**ACTION ITEM:**
Omit all pictures. Reproduce exactly the lines from the first line of the records below through the line with "- বেশিরভাগ শুষ্ক".

+--

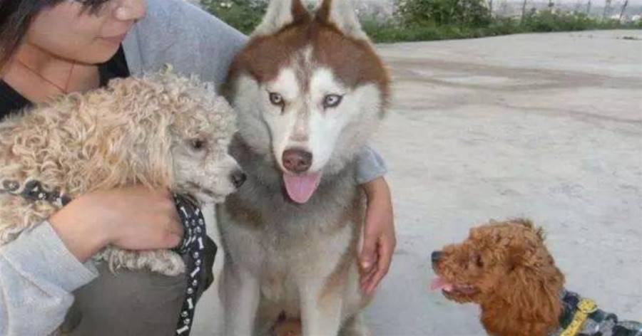 二哈心想:寶寶心里委屈,寶寶心里好苦啊,出門就被泰迪群毆,我不想活啦。
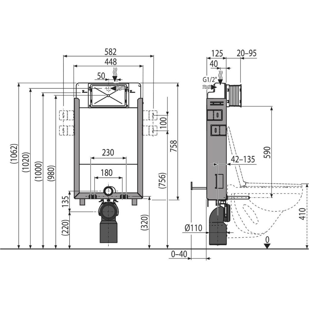 - Compatible avec les cuvettes suspendues ayant un entraxe de fixation de 180 mm ou 230 mm
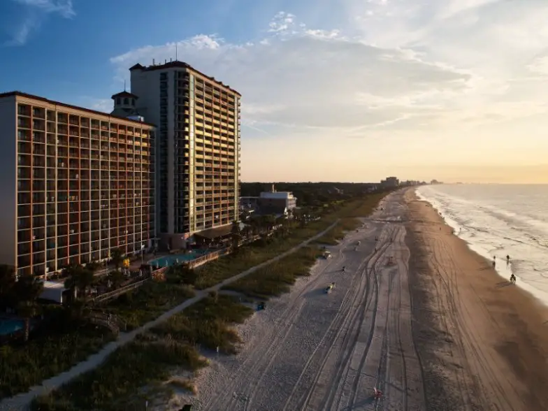 Ubicado directamente en la playa, el Hampton Inn and Suites Myrtle Beach Oceanfront está convenientemente ubicado cerca de muchas atracciones populares como Broadway at the Beach y el nuevo Sky Wheel. Todas las habitaciones y suites cuentan con camas cómodas, televisores de 32 pulgadas, microondas, refrigeradores y balcones con impresionantes vistas al océano. Mientras que el hotel ofrece dos ríos lentos, siete piscinas en total y un desayuno caliente gratis todos los días. O, si usted y su pareja tienen prisa por ir a la arena, ¡pueden tomar un desayuno Hampton on the Run y estar en camino a la playa en poco tiempo!
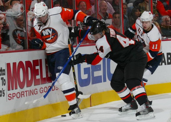 Timonen kaupattiin kesällä 2007 Philadelphia Flyersiin, ja siitä seurasta lienee tullut Timosen uran rakkain seura. Tässä mies syksyn harjoitusottelun alla.
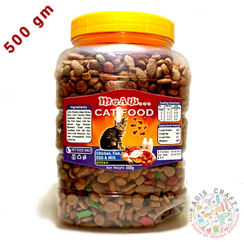 - বেশিরভাগ শুষ্ক বিড়ালছানার খাবারে ছোট আকারের যা বিড়ালছানাদের চিবানো এবং গিলতে সহজ।
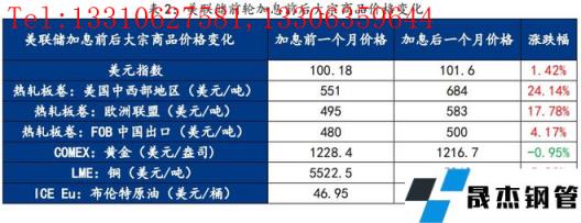 那么,在美联储历史上进行加息的时间区间中,大宗商品价格都是如何变化的呢?选取了美联储第六轮加息期间(2016.12-2018.12)美元指数、热轧板卷、黄金、铜、布伦特原油作为参考标的进行分析,其中参考时间维度为2016年加息落地前一个月的交易日价格与加息落地后一个月的交易日价格(表2)。
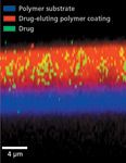 In Raman imaging, a complete spectrum is acquired in as little as 760 ms at each image pixel resulting in images consisting of tens of thousands of Raman spectra being collected in less than a minute. Differences in chemical composition will be apparent in the Raman image and can be analyzed with a spatial resolution down to 200 nm. With the various algorithms coming with the integrated software package it is possible to visualize additional material properties such as stress fields or crystallinity. For objective and chemometric data evaluation the optional cluster analysis allows the computerized unveiling of hidden structures automatically. Using the sensitive setup of the alpha300 and alpha500 can also be an advantage when performing measurements on delicate and precious samples requiring the lowest possible levels of excitation power. Figure 1a shows an electron micrograph of a polymer coated drug eluting stent. To characterize such coatings, nondestructively confocal Raman imaging provides the ability to analyze the chemical composition and spatial distribution of the material within the coating. Due to the confocal principle even the thickness of these coatings can be measured. In Figure 1b the Raman spectral image of a coating on a stent is shown. In this case the confocal Raman microscope was used to perform a depth scan along the x–z axis through the coating.
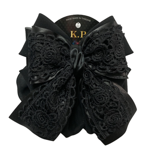 Lady Women Bun Cover Black Ribbon Show Bow Hair Clip Snood Net
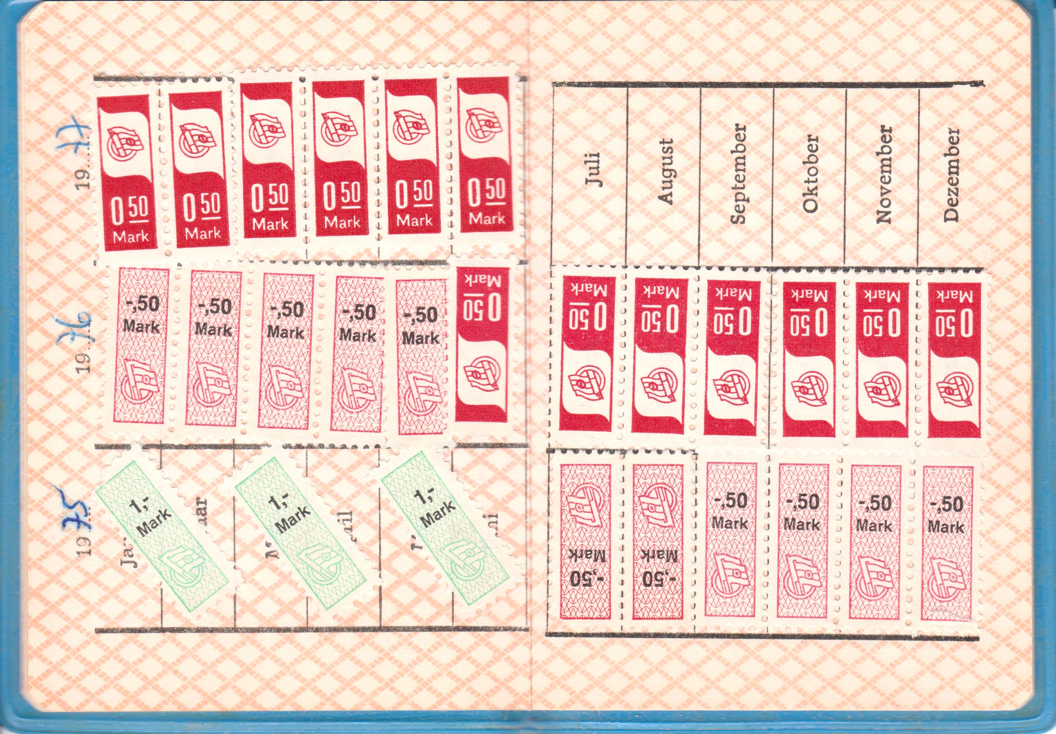 1975 waren noch keine Gebührenmarken der Wertstufe -.50 Mark verfügbar und es wurde für je zwei Monate eine Gebührenmarke der Wertstufe 1,- Mark verklebt:
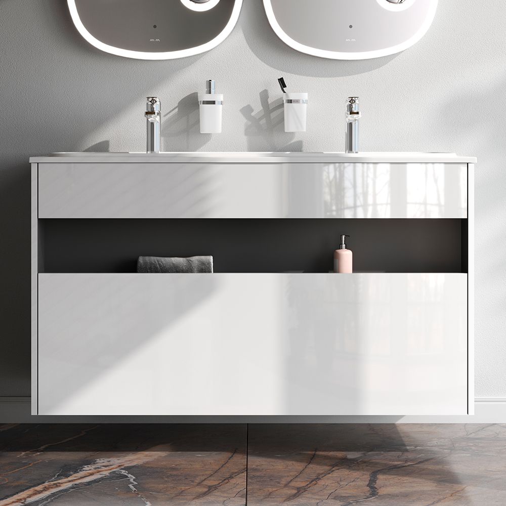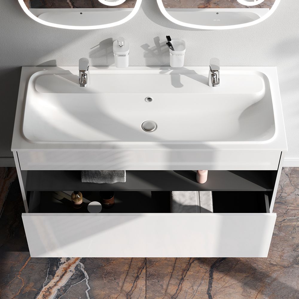 Удобный выдвижной ящик и вместительная открытая ниша позволяют хранить все необходимые средства под рукой. Невероятно мягкое открытие и закрытие благодаря направляющим скрытого монтажа с системой soft close.
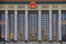 A large building with a prominent red emblem featuring a yellow character on a red background, located above a set of ornate golden doors. The building has a classical design with columns and a large window that reflects the sky. The scene is set during the day with clear skies. | Great Hall Of The People (National People\xe2\x80\x99s Congress) In Beijing, China | 16ddc4c30e094be70a4c6c8a33e784aa117a827c7a99a3bc97573d4dcbf333f4 | 001229735036 | 0 | 0 | 50 | 11 | 0 | 0 | |
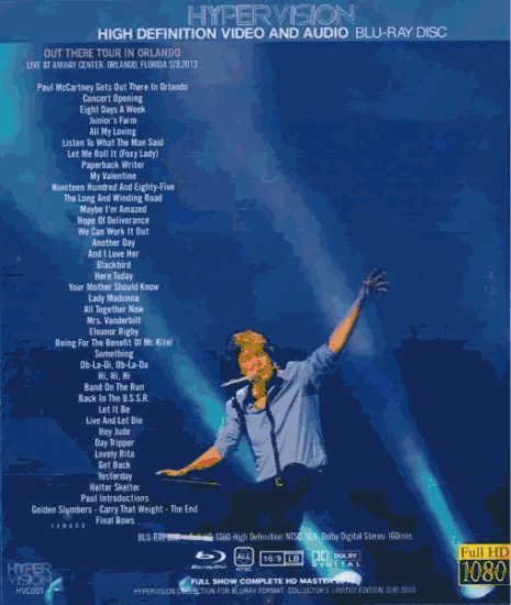 OUT THERE TOUR IN ORLANDO - LIVE AT AMWAY CENTER, ORLANDO, FLORIDA 5.18.2013 Paul McCartney Gets Out There In Orlando / Opening / Eight Days A Week / Junior's Farm / All My Loving / Listen To What The Man Said / Let Me Roll It (Foxy Lady) / Paperback Writer / My Valentine / Nineteen Hundred And Eighty-Five / The Long And Winding Road / Maybe I'm Amazed / Hope Of Deliverance / We Can Work It Out / Another Day / And I Love Her / Blackbird / Here Today / Your Mother Should Know / Lady Madonna / All Together Now / Mrs. Vanderbilt / Eleanor Rigby / Being For The Benefit Of Mr. Kite! / Something / Ob-La-Di, Ob-La-Da / Hi, Hi, Hi / Band On The Run / Back In The U.S.S.R. / Let It Be / Live And Let Die / Hey Jude / Day Tripper / Lovely Rita / Get Back / Yesterday / Helter Skelter / Paul Introductions / Golden Slumbers - Carry That Weight - The End / Final Bows
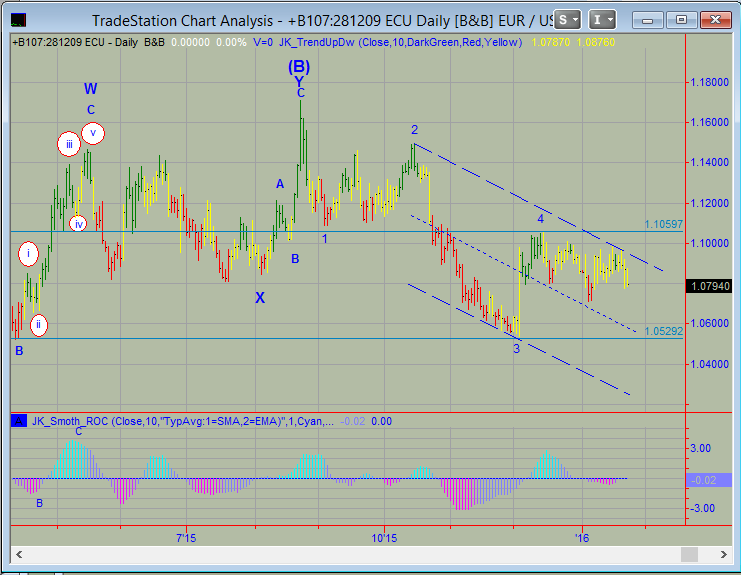 Uguale ma di segno opposto la situazione sul cross Euro/Dollaro dove il massimo di onda 4 a 1,1061 regge il quadro ribassista di un'onda 5 che dovrebbe portare le quotazioni dell'Euro sotto il minimo dello scorso anno di 1,0451. Il superamento del massimo di onda 4 invaliderebbe lo scenario.

+--

**ANSWER TO THE PROBLEM:**
 二哈心想:寶寶心里委屈,寶寶心里好苦啊,出門就被泰迪群毆,我不想活啦。
 - Compatible avec les cuvettes suspendues ayant un entraxe de fixation de 180 mm ou 230 mm
 Ubicado directamente en la playa, el Hampton Inn and Suites Myrtle Beach Oceanfront está convenientemente ubicado cerca de muchas atracciones populares como Broadway at the Beach y el nuevo Sky Wheel. Todas las habitaciones y suites cuentan con camas cómodas, televisores de 32 pulgadas, microondas, refrigeradores y balcones con impresionantes vistas al océano. Mientras que el hotel ofrece dos ríos lentos, siete piscinas en total y un desayuno caliente gratis todos los días. O, si usted y su pareja tienen prisa por ir a la arena, ¡pueden tomar un desayuno Hampton on the Run y estar en camino a la playa en poco tiempo!
 Timonen kaupattiin kesällä 2007 Philadelphia Flyersiin, ja siitä seurasta lienee tullut Timosen uran rakkain seura. Tässä mies syksyn harjoitusottelun alla.
 - বেশিরভাগ শুষ্ক বিড়ালছানার খাবারে ছোট আকারের যা বিড়ালছানাদের চিবানো এবং গিলতে সহজ।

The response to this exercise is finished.